В узко специальных областях в этом отношении проще, поскольку там есть точные соответствия значения терминов. Профессионалы, с которыми мы работаем, тонко чувствуют все нюансы и моментально встрепенутся, если что-то не так. Как-то нашим фармацевтам показали текст переведенного на русский язык документа по методикам тестирования препаратов. Они тут же оспорили одно из его положений. Сверили оригинал документа с переводом (кстати, очень добротно сделанным), и нашли казалось бы незначительное расхождение между наиболее верным вариантом перевода и тем, что было в тексте. Всего одно слово, и ошибка, вроде, незначительная, а у них сразу тревожный сигнал сработал.
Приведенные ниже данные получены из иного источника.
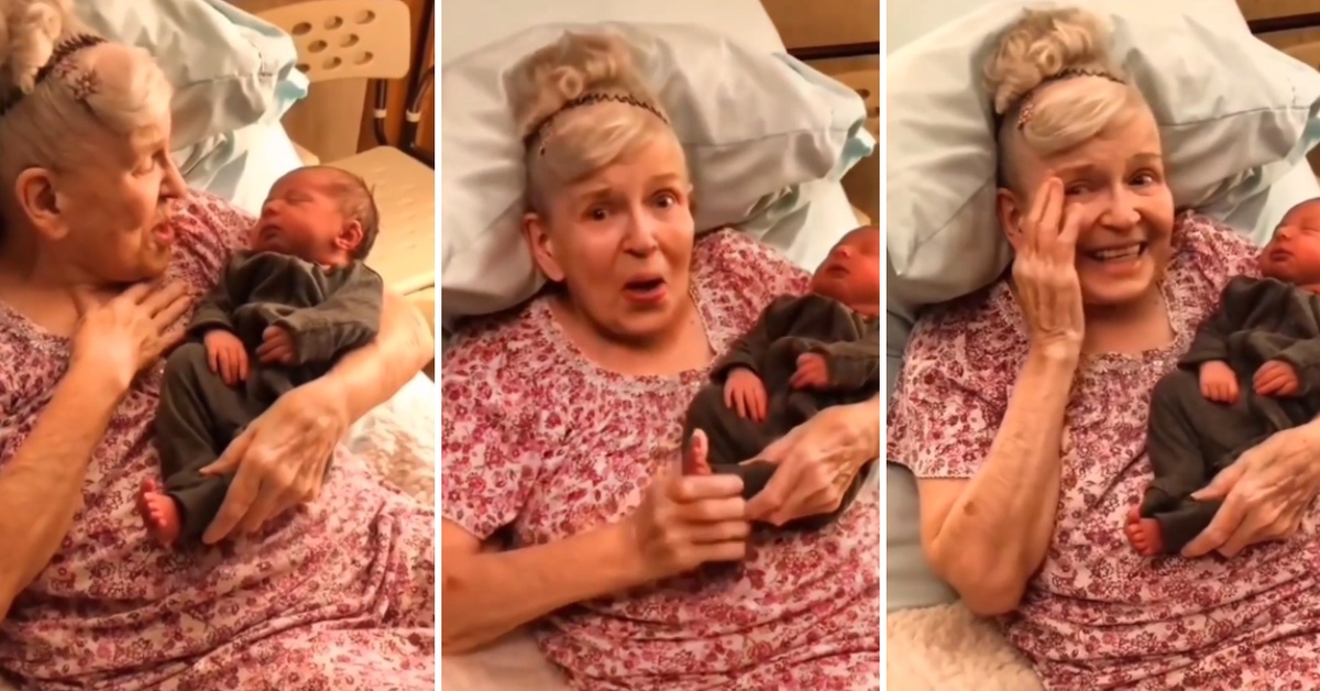 Слатката реакција на 90-годишна жена, кога за првпат ќе ја земе в раце новородената праправнука, ќе ви го згрее срцето.

Ну, так вот, пролетел этот месяц, и по лабораториям поездили, и на фармацевтических фирмах побывали, в Чикаго на целый день свозили, в Небраску вылазку сделали.
Вчера на торжественном ужине вручили всем дипломы об окончании семинара, отпереводили мы речи и ответные речи, и речи на ответные речи, и работа наша закончилась. Но, дойдя от ресторана пешком до гостиницы, никак не могли мы расстаться. Стояли толпой на дорожке под окнами гостиницы, вспоминали всякие происшествия, смеялись. Было ощущение хорошо сделанной работы и грусть от того, что сейчас мы расстанемся и больше никогда не увидимся. Знаю одно наверняка - эта группа мне запомнится. Хотя к концу сезона делегации, штаты, города и проекты несколько уже перепутались в голове.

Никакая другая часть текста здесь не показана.